その構図がはっきり表れているのが大阪の都心部である。東京の私鉄のターミナル駅は、大半が山手線の駅とセットのような形になっていて、山手線の内側には入り込めていない。かろうじて内側にあるのは、京成電鉄の京成上野駅、西武鉄道の池袋駅、西武新宿駅などごくわずかだ。

ところが、大阪の都心部の路線図を見ると、南海電鉄の難波駅や阪神電鉄の梅田駅、京阪電鉄の中之島・淀屋橋駅、近畿日本鉄道の大阪上本町駅など、環状線の内側に私鉄各社のターミナル駅が存在する。

東京の私鉄が山手線の内側へ入り込んでいないのに対し、大阪では大阪環状線の内側に私鉄の各路線が入り込み、梅田や難波、上本町など巨大なターミナル駅を造っているのが特徴である(画像:国土地理院の地理院地図に加筆)

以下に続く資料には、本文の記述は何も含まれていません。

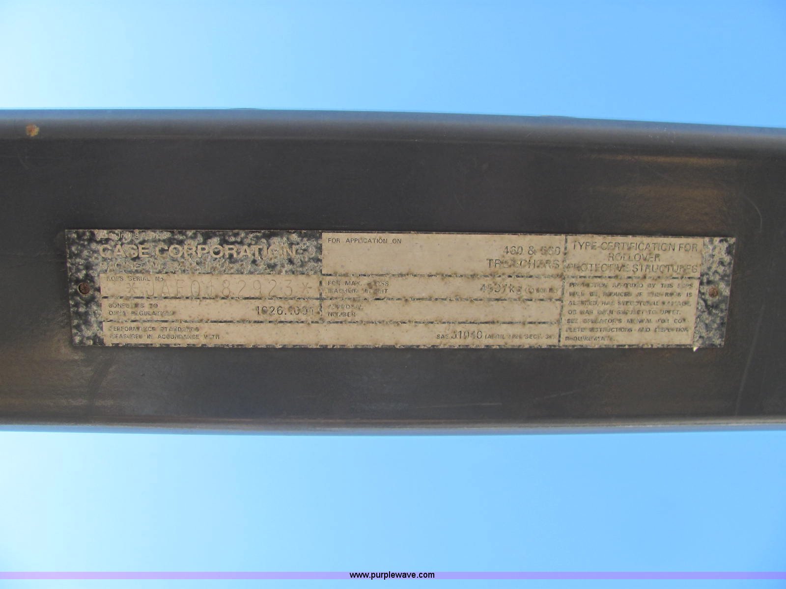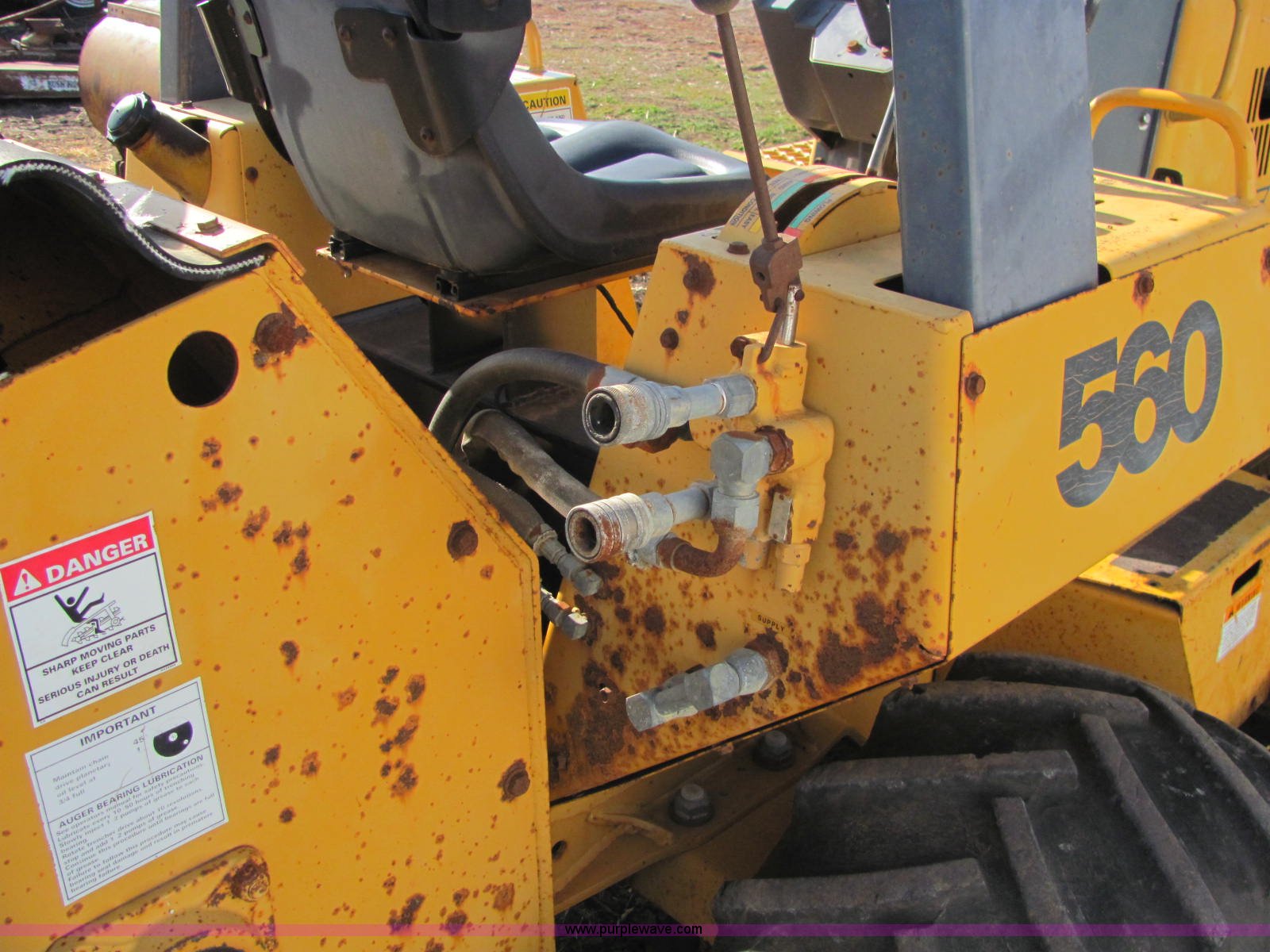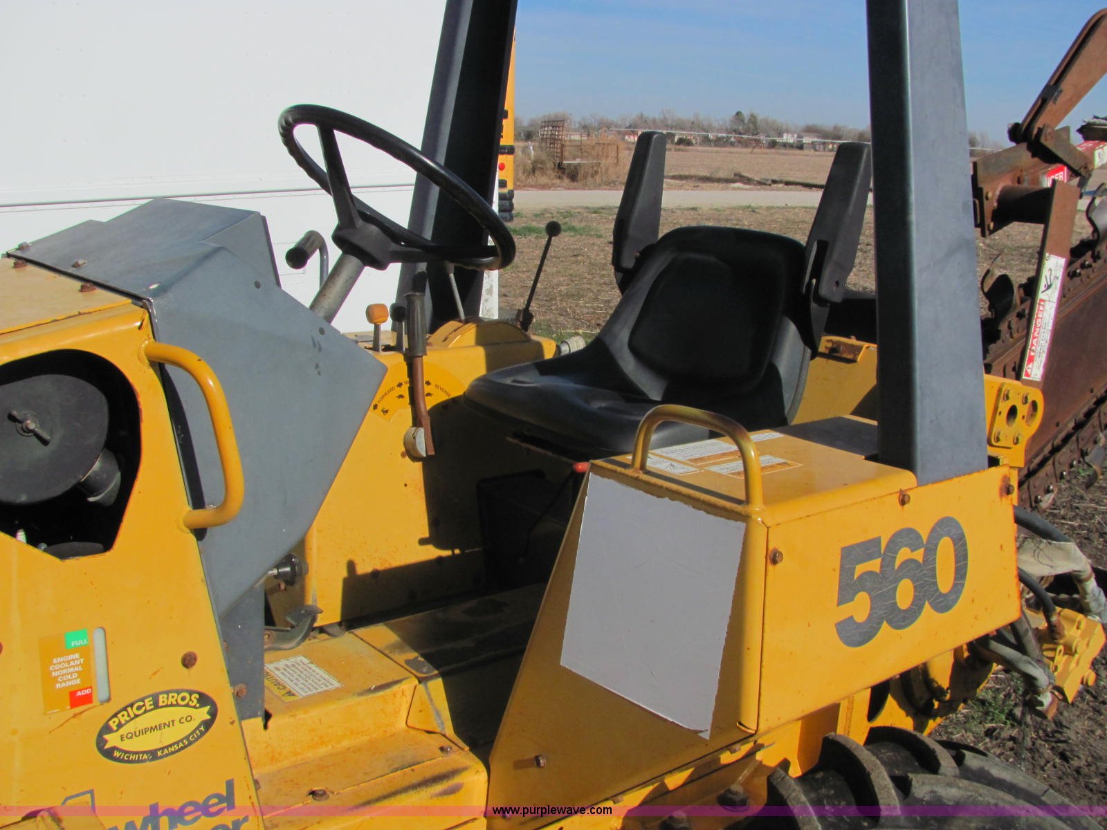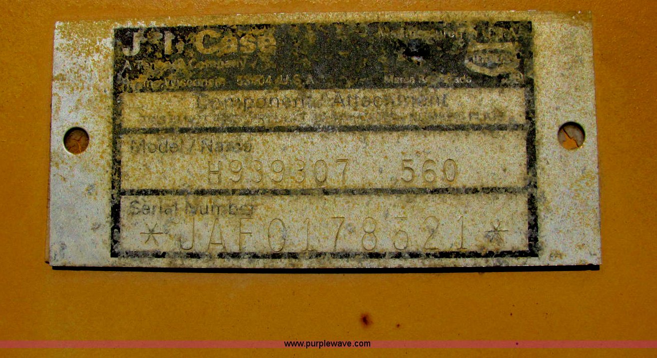 Purple Wave is selling a used Trencher or Rock Saw in Kansas. This item is a 1996 Case 560 trencher with the following: 1,825 hours on meter, Kubota V2203 four cylinder diesel engine, 46 HP, Hydrostatic transmission, ROPS bar, Four wheel steering, Rear auxiliary hydraulics, 72" six-way blade, D125 backhoe, Model H939218, Four stick hydraulic control, 17" four tooth bucket, Hydraulic outriggers, 560 trencher, Model H939307560, Two stick hydraulic control, 72" maximum trenching depth, 6" trenching width, 12" diameter side discharge auger, Serial JAF0178321, 7,000 lbs. base operating weight, Serial JAF0166246

この違いは、大正期の行政による鉄道整備にある。東京の山手線が環状運転を始めたのは1925(大正14)年。大阪環状線が完成した1961(昭和36)年の36年前である。この当時、東京の山手線内では、すでに路面電車(のち統合、東京市電)が張り巡らされ、十分に市内交通の役割(のちに地下鉄が代替)を担っていた。そのため政府は、私鉄が市内へ延伸しようとしても認可を与えず、山手線の内側へ入ることをブロックしていたのだ。

関西はなぜ「私鉄王国」なのか?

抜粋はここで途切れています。